Another thing I might as well clarify: - regarding the quant portion - only interpretation of a model and its associated tables will be asked for.

Even there, only those tables that we explicitly have discussed in class, not merely shown but discussed, will be important from an exam viewpoint.

Sudhir

Am getting quite a few Qs regarding this. A wrote in just now:
Hi Chandana,

Need a quick clarification. For this home work questions 1,2,3 and 4 are mandatory and 5,6,7 are optional. Is that right ?
Regards,
A
My response:
Sudhir
----------------------------------------------------------------
Got this just now:
Professor,

When I mailed you today morning, I had high aspirations of finishing my studies and then meeting you for a quick review. Unfortunately, I just finished going through Session 4 hand out. My sincere apologies but I guess I will have to cancel this appointment…and give the slot to a better prepared student…!!

Thanks,
K
My response:
That's OK. Drop by anyway. I expected I'd be busy during these office hrs but am (pleasantly) surprised. Seems folks have on average understood the material well and don't need additional office hrs now.

Besides, anyway, the exam is not designed to be troublesome. I wouldn't worry overmuch if I were you.

Sudhir
----------------------------------------------------------------


Hi all,

Was asked yesterday about this and might as well share with the whole class.

Q was that in the factor analysis homework, what to do if the factor solution with eigenvals>1 is still showing cumulative variance explained of <60%?

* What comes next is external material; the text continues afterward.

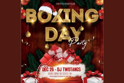 Christmas may be over, but the party is definitely not! Shotties Nightclub is keeping the holiday chaos alive with the UNBOXED Boxing Day Party, the perfect night to burn off the turkey, unwrap your wild side, and celebrate the season with your crew. Expect festive lights, holiday energy, and a packed dance floor from the moment the doors open. Featuring DJ TWOTANGS, your hometown SHOTTIES favourite, spinning high-energy club anthems, remixes, and post-Christmas bangers all night long. Holiday vibes take over the club with Christmas-chaos-meets-nightlife madness, Santa might show up, but the vibes definitely will. Cover is just $2, doors open at 10:00 PM, and this 19+ event requires valid ID.
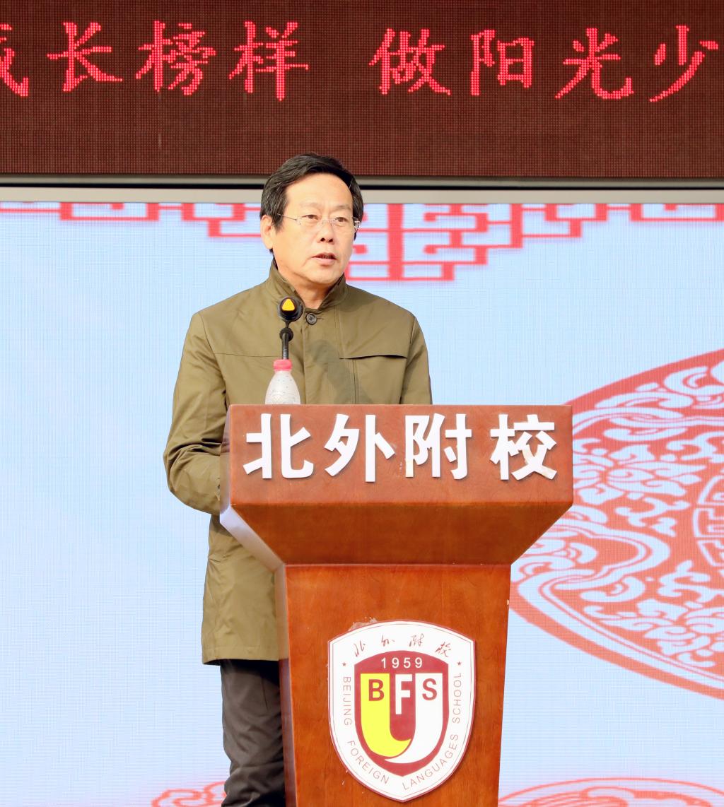 海淀区教工委副书记、教育督导室主任乔键在致辞中表示,在北京外国语大学的大力支持和帮助下,北外附校取得了可喜的办学业绩,得到了家长和社会的充分肯定。在坚守完成国家和地方规定“共同学业要求”的前提下,北外附校坚持“突出外语办学特色”、“让学生更有选择性”的办学理念,取得了学生学业水平和综合素质同步提高的卓越成效。乔键表示,北外附校小学教育认真贯彻与落实“五个一”的教育目标,使全体小学生能够成长为“独立自主、积极进取、学业优秀、素质全面”的阳光少年。他强调,这是“把教育做正确”的一个大方向。最后,乔键代表区教工委、区教委、区人民政府教育督导室对我校学生提出殷切企盼。乔主任的发言,让全体小学师生倍感振奋和鼓舞,使大家对崭新的北外附校小学教育充满了期待。

Well, if the % is in the mid to late 50s, just go with it.

If not, it would seem like the factor solution is not doing a great job of explaining variance in the input variables. This is presumably because at least some variables are not well correlated with the others and are hence weakening the factor solution.

To ID such variables, look either at the correlation tables or at the communlaities table. The variables that show least correlation with others should progressively be removed and factor anbalysis re-conducted at each step till the 60% criterion is met.

If a variable loads entirely on its own factor, drop that factor and use that variable as-is in downstream analysis.

Hope that clarifies. Any more such Qs and I shall share it here.

Sudhir
Hi A,
Yes, only Q1-4 are mandatory. Rest are optional in session 9 HW.

Wednesday, November 9, 2011

Session 8 Homework Q&A

Update: Received this email over the weekend.
Dear sir

Actually, I think the issue is not with column V7 (V7 has both 1's and 0's), but rather with column V19, which is all "." (dots) when added to SPSS.
On eliminating V19 and adding V7 back in, the factor reduction is running smooth.
R

Update: Have just sent in my solution to session 7 homeworks to teh AAs. Should be up on LMS soon.

Hi all,

Well, well.. an early bird decided to take on Session 8 HW aaj hi....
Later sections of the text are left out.